- [Materials provided]:
= = =
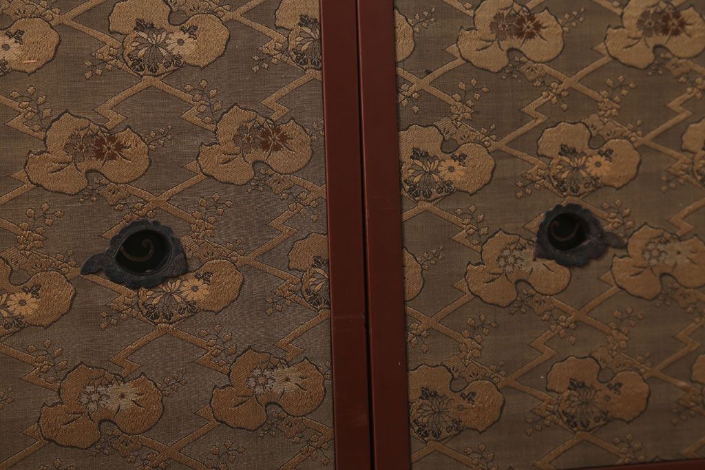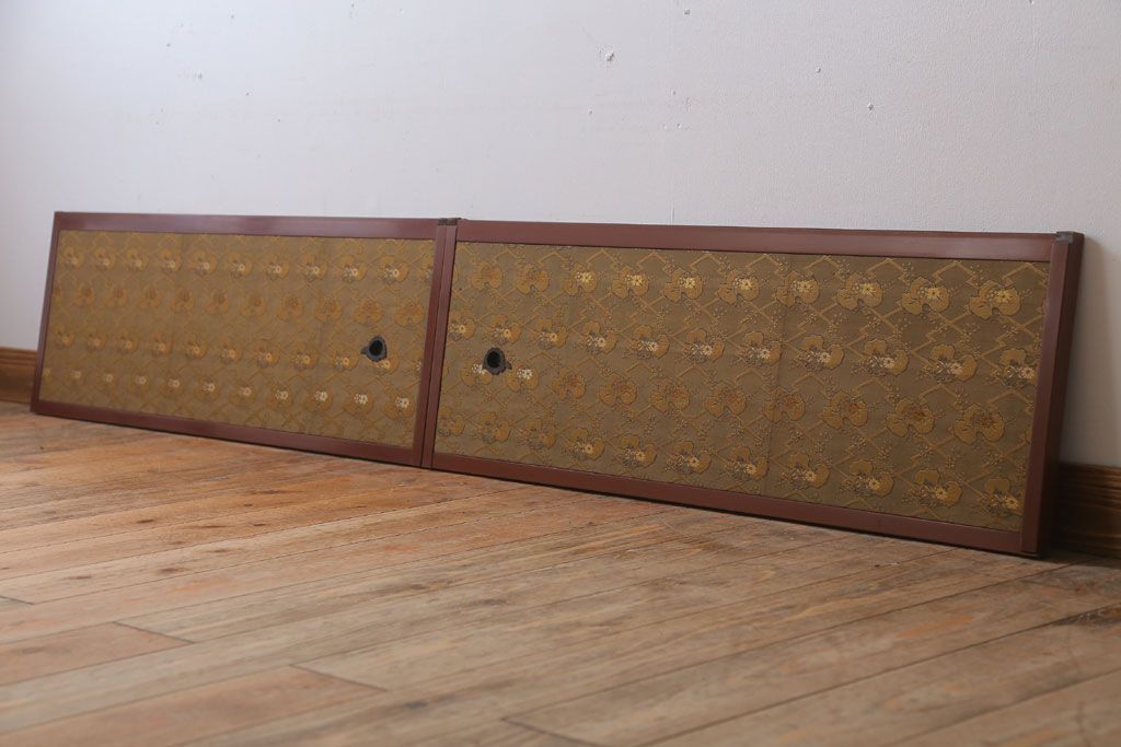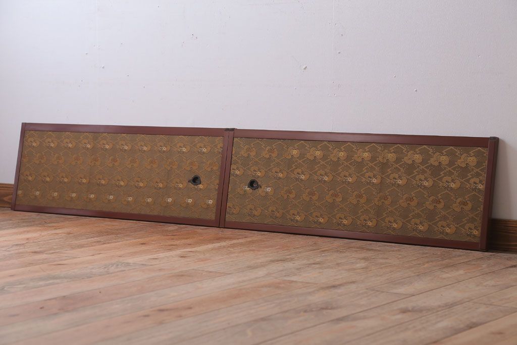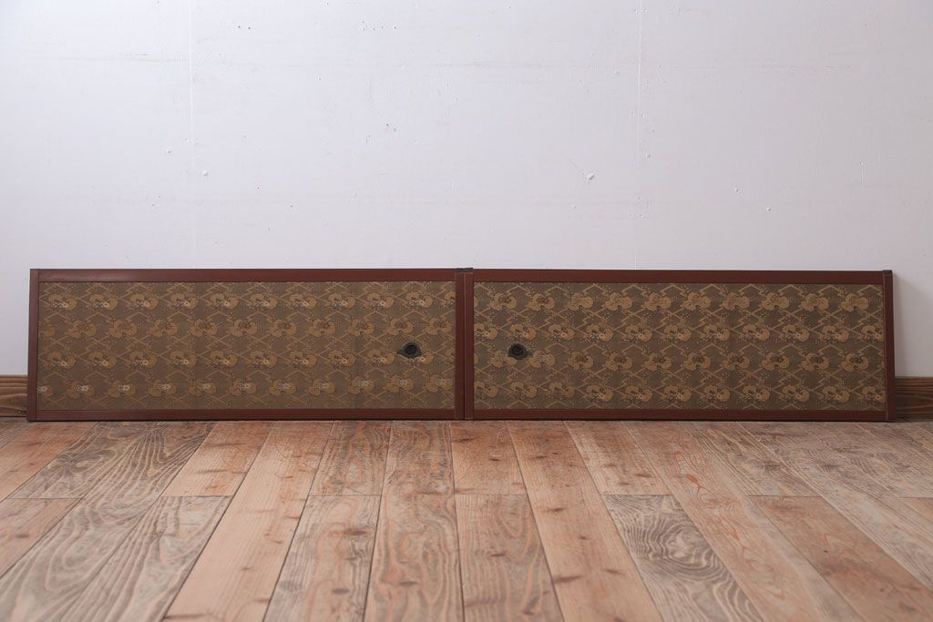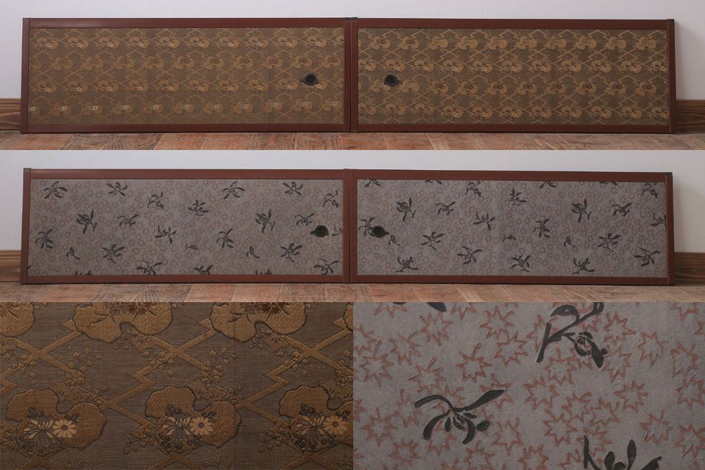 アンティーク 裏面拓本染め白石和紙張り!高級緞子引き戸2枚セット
= = =
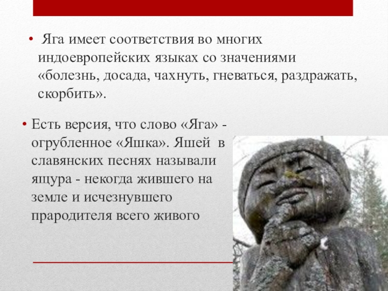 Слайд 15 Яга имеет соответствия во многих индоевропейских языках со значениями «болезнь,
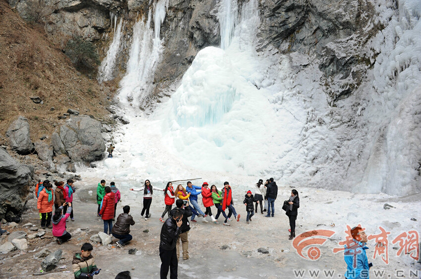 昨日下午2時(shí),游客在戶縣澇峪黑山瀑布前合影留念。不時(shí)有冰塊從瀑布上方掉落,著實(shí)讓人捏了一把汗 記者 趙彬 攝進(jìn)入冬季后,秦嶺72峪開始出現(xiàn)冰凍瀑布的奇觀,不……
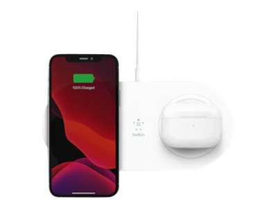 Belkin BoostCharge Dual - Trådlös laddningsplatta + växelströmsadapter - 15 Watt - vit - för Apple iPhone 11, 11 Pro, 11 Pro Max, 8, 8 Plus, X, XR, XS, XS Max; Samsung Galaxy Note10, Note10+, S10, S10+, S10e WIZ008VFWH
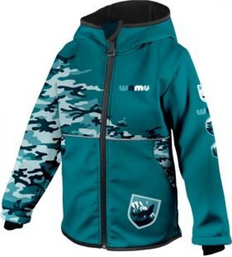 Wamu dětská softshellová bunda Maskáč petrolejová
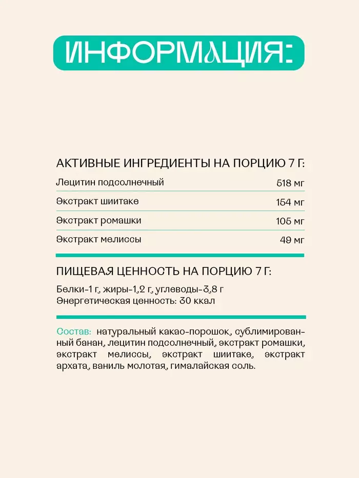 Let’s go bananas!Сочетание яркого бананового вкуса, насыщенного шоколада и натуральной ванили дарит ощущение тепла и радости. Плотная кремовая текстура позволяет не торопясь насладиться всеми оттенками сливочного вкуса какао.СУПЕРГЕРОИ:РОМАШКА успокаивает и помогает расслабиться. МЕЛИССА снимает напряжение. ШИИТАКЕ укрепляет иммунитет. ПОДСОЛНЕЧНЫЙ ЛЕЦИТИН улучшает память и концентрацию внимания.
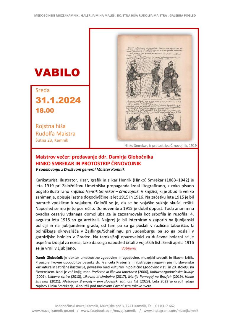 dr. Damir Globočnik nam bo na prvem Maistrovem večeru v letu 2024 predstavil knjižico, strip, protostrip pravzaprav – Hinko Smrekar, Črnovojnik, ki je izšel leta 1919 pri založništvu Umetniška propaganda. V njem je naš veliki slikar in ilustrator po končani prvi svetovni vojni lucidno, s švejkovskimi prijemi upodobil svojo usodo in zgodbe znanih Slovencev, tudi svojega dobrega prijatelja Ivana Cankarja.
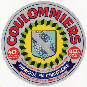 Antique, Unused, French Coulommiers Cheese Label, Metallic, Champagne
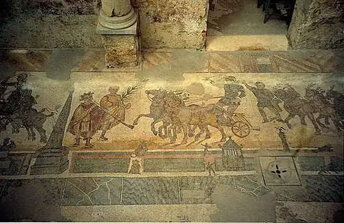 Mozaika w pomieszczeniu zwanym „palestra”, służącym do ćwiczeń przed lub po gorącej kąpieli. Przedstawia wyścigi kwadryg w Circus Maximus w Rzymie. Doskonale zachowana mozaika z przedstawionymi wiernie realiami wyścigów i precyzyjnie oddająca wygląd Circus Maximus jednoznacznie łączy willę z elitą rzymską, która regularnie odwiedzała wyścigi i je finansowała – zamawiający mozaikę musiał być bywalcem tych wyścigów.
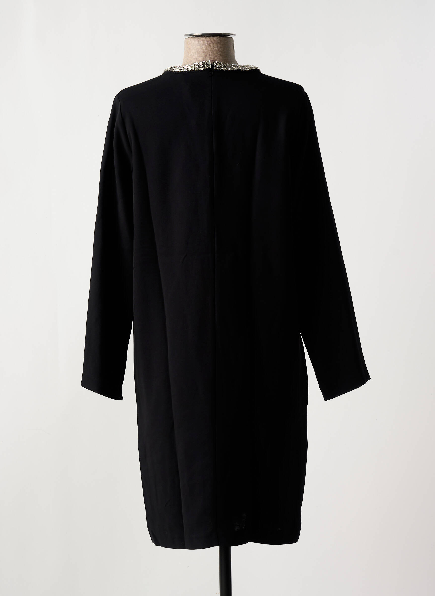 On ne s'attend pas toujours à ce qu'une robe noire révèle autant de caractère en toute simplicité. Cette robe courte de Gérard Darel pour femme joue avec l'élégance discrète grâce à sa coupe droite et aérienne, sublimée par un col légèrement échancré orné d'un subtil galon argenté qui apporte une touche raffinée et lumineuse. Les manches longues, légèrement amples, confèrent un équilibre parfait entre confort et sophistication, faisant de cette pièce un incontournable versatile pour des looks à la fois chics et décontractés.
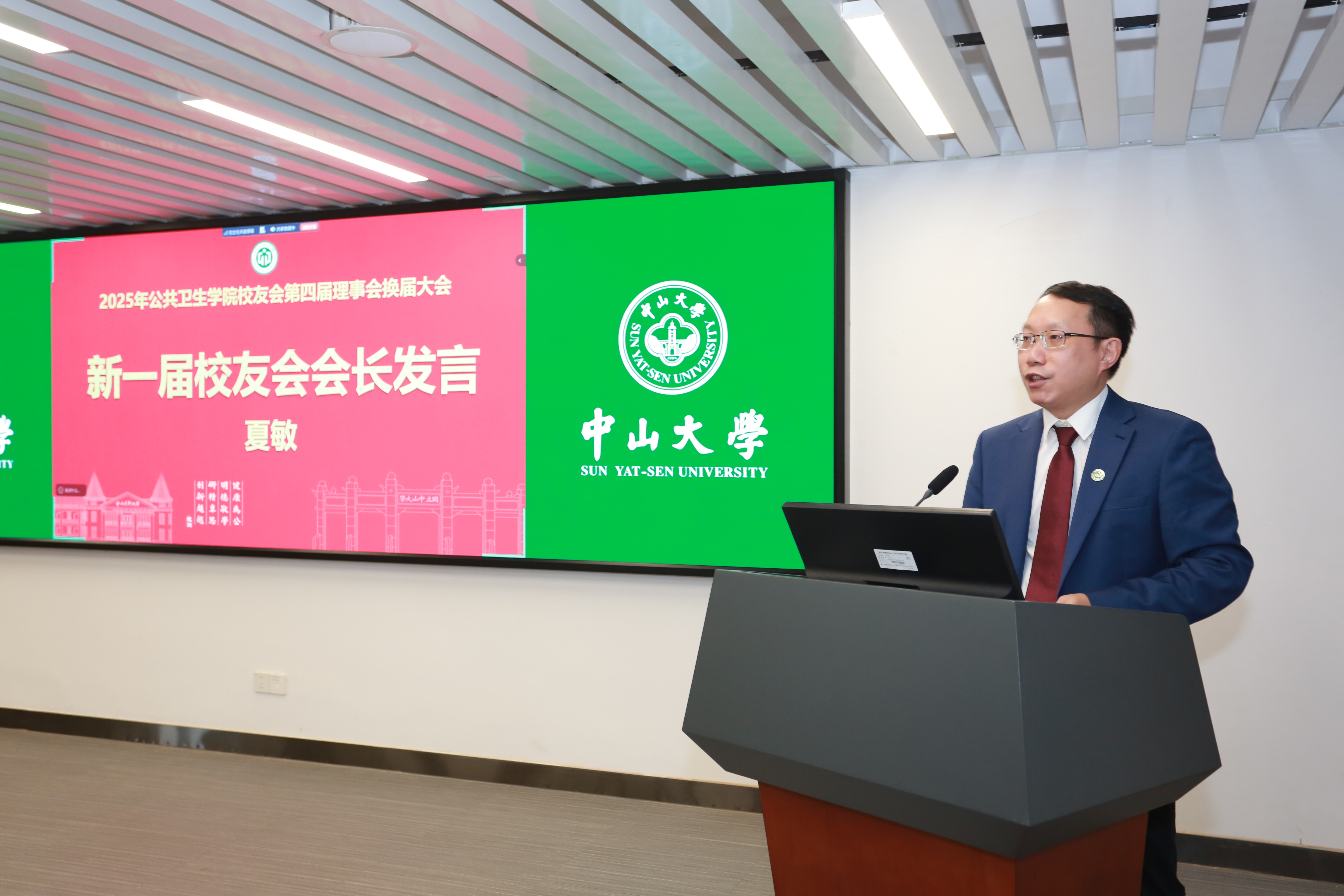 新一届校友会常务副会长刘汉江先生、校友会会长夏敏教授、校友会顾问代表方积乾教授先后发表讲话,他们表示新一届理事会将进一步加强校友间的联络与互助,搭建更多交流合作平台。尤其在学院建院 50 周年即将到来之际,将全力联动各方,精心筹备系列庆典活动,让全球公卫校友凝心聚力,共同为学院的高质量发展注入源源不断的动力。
= = =
Above are some records. Reproduce the lines from the one with "Belkin BoostCharge Dual" down to the one with "Mozaika w pomieszczeniu", keeping both, and leave every picture out.

- [Solution to the problem]:
 Belkin BoostCharge Dual - Trådlös laddningsplatta + växelströmsadapter - 15 Watt - vit - för Apple iPhone 11, 11 Pro, 11 Pro Max, 8, 8 Plus, X, XR, XS, XS Max; Samsung Galaxy Note10, Note10+, S10, S10+, S10e WIZ008VFWH
 Wamu dětská softshellová bunda Maskáč petrolejová
 Let’s go bananas!Сочетание яркого бананового вкуса, насыщенного шоколада и натуральной ванили дарит ощущение тепла и радости. Плотная кремовая текстура позволяет не торопясь насладиться всеми оттенками сливочного вкуса какао.СУПЕРГЕРОИ:РОМАШКА успокаивает и помогает расслабиться. МЕЛИССА снимает напряжение. ШИИТАКЕ укрепляет иммунитет. ПОДСОЛНЕЧНЫЙ ЛЕЦИТИН улучшает память и концентрацию внимания.
 dr. Damir Globočnik nam bo na prvem Maistrovem večeru v letu 2024 predstavil knjižico, strip, protostrip pravzaprav – Hinko Smrekar, Črnovojnik, ki je izšel leta 1919 pri založništvu Umetniška propaganda. V njem je naš veliki slikar in ilustrator po končani prvi svetovni vojni lucidno, s švejkovskimi prijemi upodobil svojo usodo in zgodbe znanih Slovencev, tudi svojega dobrega prijatelja Ivana Cankarja.
 Antique, Unused, French Coulommiers Cheese Label, Metallic, Champagne
 Mozaika w pomieszczeniu zwanym „palestra”, służącym do ćwiczeń przed lub po gorącej kąpieli. Przedstawia wyścigi kwadryg w Circus Maximus w Rzymie. Doskonale zachowana mozaika z przedstawionymi wiernie realiami wyścigów i precyzyjnie oddająca wygląd Circus Maximus jednoznacznie łączy willę z elitą rzymską, która regularnie odwiedzała wyścigi i je finansowała – zamawiający mozaikę musiał być bywalcem tych wyścigów.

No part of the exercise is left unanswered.